These days, with many Internet articles and new courses available, most new entrepreneurs readily cross the gap from a lack of business knowledge to to a wealth of the knowledge, but many never make it over the knowing versus doing gap. Investors I know highlight this problem with the mantra that they fund founders and teams who can execute, rather than ones who just talk about their great ideas.
After many years of working in and starting businesses, I’m convinced that implementing new business ideas is much more difficult than coming up with those ideas. The first challenge is to overcome the natural human tendency to equate talking about an idea with actually taking action. The bridge from talking to knowing to doing is all about leadership, confidence and initiative.
I found a good summary of the dynamics behind personal business leadership and how to get there in a new book: “Leadership Rigor!” by Erica Peitler, a well-known leadership performance coach. Here are the key principles she espouses, extended to leadership teams, explained based on my own background knowledge from mentoring new entrepreneurs:
- Learn to trust yourself and your team. Crossing the knowing-doing gap in a startup can create feelings of trepidation, fear and embarrassing consequences of perceived failure. These are self-imposed barriers based mainly on your own negative self-talk. Learning to trust yourself is critical. Then you have to listen to and trust your team.
- Be patient and let the collective strength grow. Be aware of your anxiousness and practice self-management in being patient with yourself and team members. Resist the trigger of impatience. Slow down and trust the process, engaging the collective input of all. No one is the sole center of attention, so allow strengths to grow and unfold naturally.
- Take an escalation-of-risk approach. Start with a low-risk approach of discussing your action plan in a one-on-one discussion with a trusted advisor. A more moderate-risk is to offer your plan to key team members, asking for feedback. Finally, the highest risk approach is to push your execution model directly on the whole team and resolve issues.
- Take the fear out of team player decisions. It is easier to encourage team members to question current business processes and make innovative changes in an atmosphere of trust and safety. Getting beyond known limits requires courage from all, not fear. Driving the fear out of business pivots encourages thinking outside the box.
- Use metrics to support judgment in decisions. Metrics should be seen as guides helping to direct and support good behavior, but not absolute measurements of good or bad judgment and wisdom. Metrics are necessary to acquire knowledge and turn it into action. What gets measured gets done. What is not measured is not seen as important.
These principles embody an incremental approach to the knowing-doing obstacles that entrepreneurs and their teams have to face head-on:
- Overcoming the resistance to It’s easy for founders and teams to convince themselves that it’s okay to stay in the knowing stage a little longer while everyone strives for a greater level of confidence. Sometimes intellectual arrogance drives the conclusion that knowing is the most important thing, and almost the same thing as doing. It is not.
- Taking risks and resolving unknowns is not comfortable. Individual and team leadership is about consciously demonstrating good business actions, in real time, through disciplined practice. Doing this will create experiences from which you and the team can learn and grow. Expertise requires iteration on learning, failing and growing.
- Fear of showing vulnerability. Every entrepreneur and team member has to get over the fear of showing others conscious incompetency in certain areas, and a willingness to struggle through the necessary learning curve to reach conscious competency.
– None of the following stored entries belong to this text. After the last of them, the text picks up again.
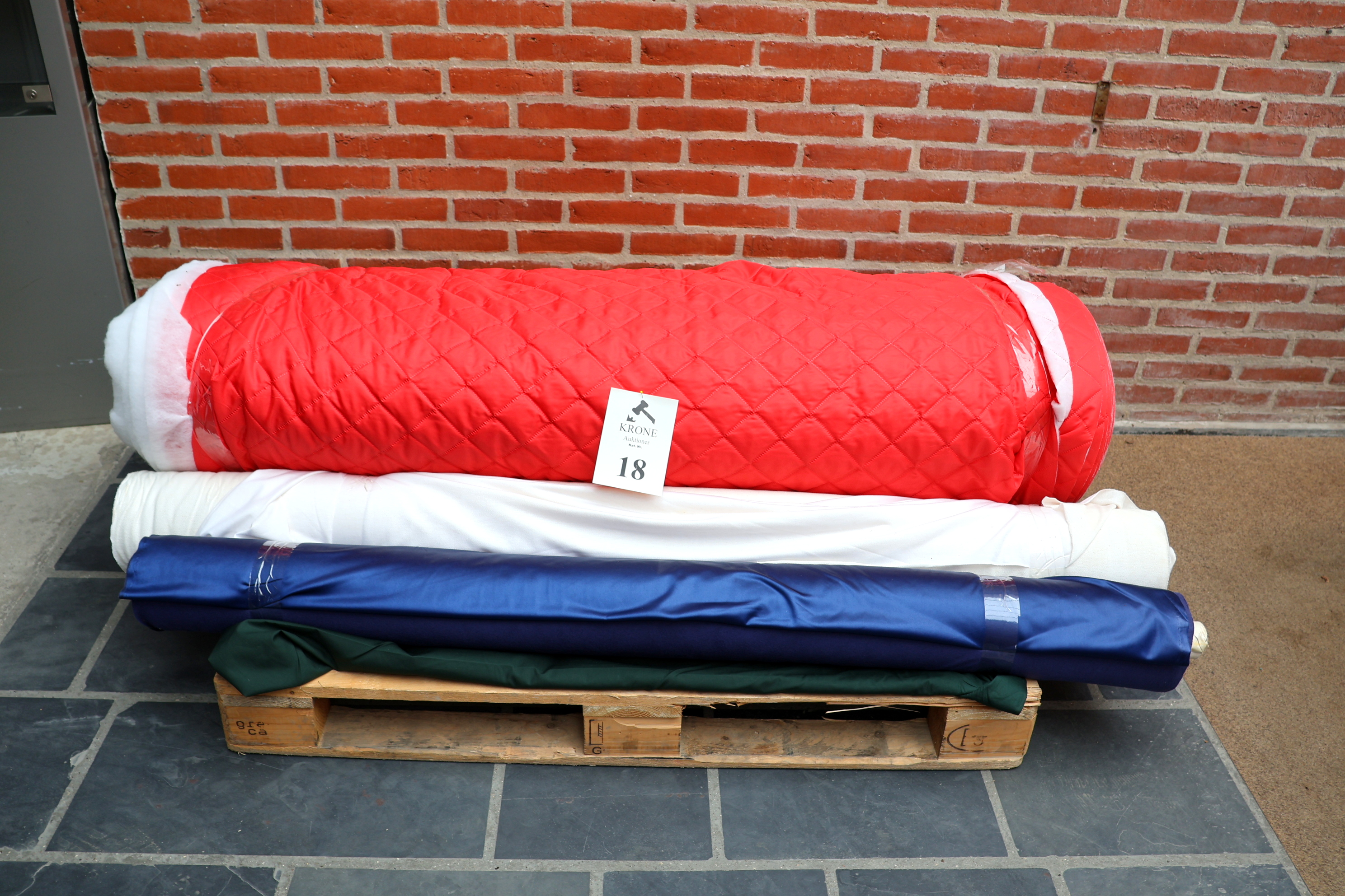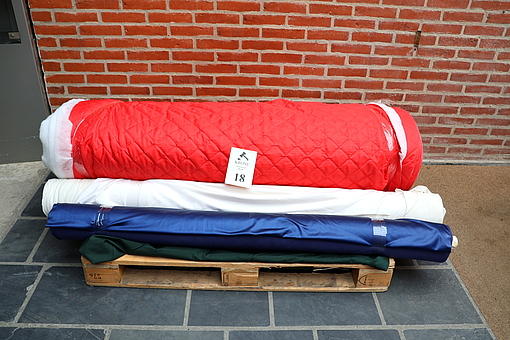 Auktion over Stof fra tekstil virksomhed Del 2. Auktionen begynder at lukke søndag d 5/4. mellem kl 20:00 og 20:30. Østergade 65. Hal A. 9560 Hadsund. Udlevering tirsdag og onsdag d 7.-8./4. kl 10-18.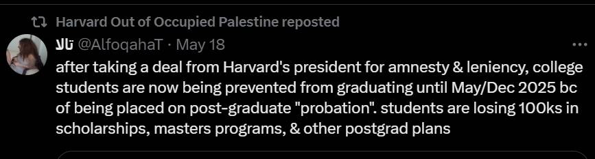 “After taking a deal from Harvard's president for amnesty & leniency, college students are now being prevented from graduating until May/Dec 2025 bc of being placed on post-graduate "probation". Students are losing 100ks in scholarships, masters programs, & other postgrad plans,” stated another message on X platform.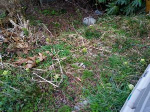 大根を刈り取りました。通路が緑色になっている処が大根の花や葉が置かれています。
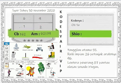 Oh ya, Selalu pergunakan naluri anda untuk membaca makna dari Prediksi Syair Sydney 30 November 2020. Janganlah membaca Prediksi Syair Sydney Terjitu dengan terlalu menggebu – gebu dari makna syair yang telah kami berikan. Pahamilah dengan pelan hingga mengerti maksud dari syair yang paling banyak dicari oleh pemain judi togel online ini. Setelah kalian memahami prediksi Syair Sydney ini Kemenangan dengan lebih mudah bisa kalian raih.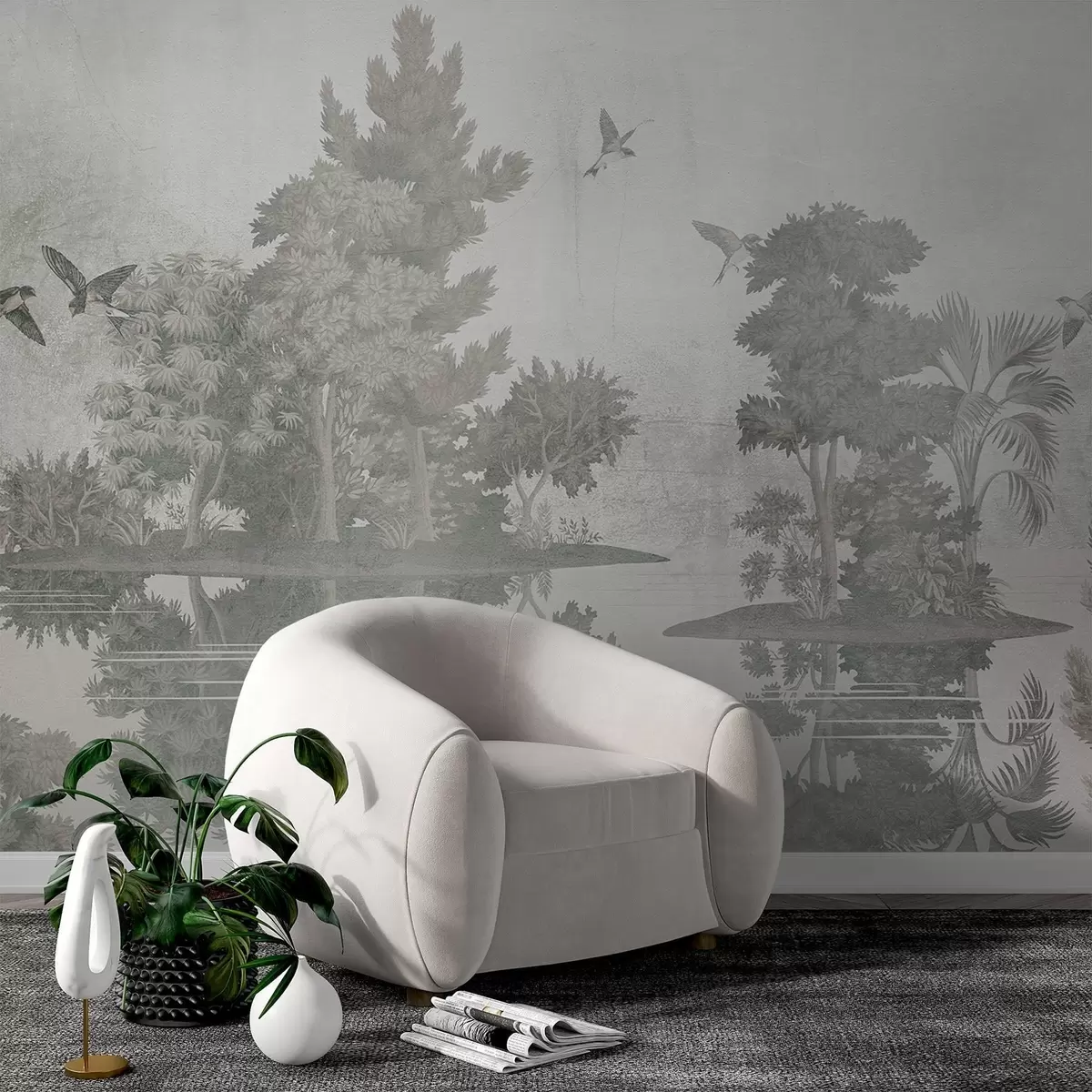 Puede limpiar el papel pintado muy suavemente con una esponja ligeramente humedecida. Sin embargo, no recomendamos frotar ni utilizar detergentes para limpiar el papel pintado, ya que podría dañar su acabado y sus colores.

This is an important step in self-coaching and in coaching others on the team.
- Don’t let memories of past actions limit thinking. Memory often serves as a substitute for thinking. Team members do what has always been done without reflecting. Business problem-solving should mean drawing from past precedents and standard operating procedures, but not being constrained by them.
Entrepreneurs should judge their own competency and that of team members based on how well they perform, not how well they talk or how smart they seem. It’s easy to sound smart by being critical of the ideas of other team members, and it’s easy to make excuses about why a new proposal will not work or why the present process is less risky than a new one.
Starting and building a business is not rocket science, but is does require continuous decisions and sound execution. Thus the knowing-doing gap is one of the biggest inhibitors to success that I see. It’s time for all entrepreneurs to take a hard look at themselves and their teams to assess how well they stack up relative to the principles and challenges outlined here. All your competitors, investors and customers are making the same assessment on you.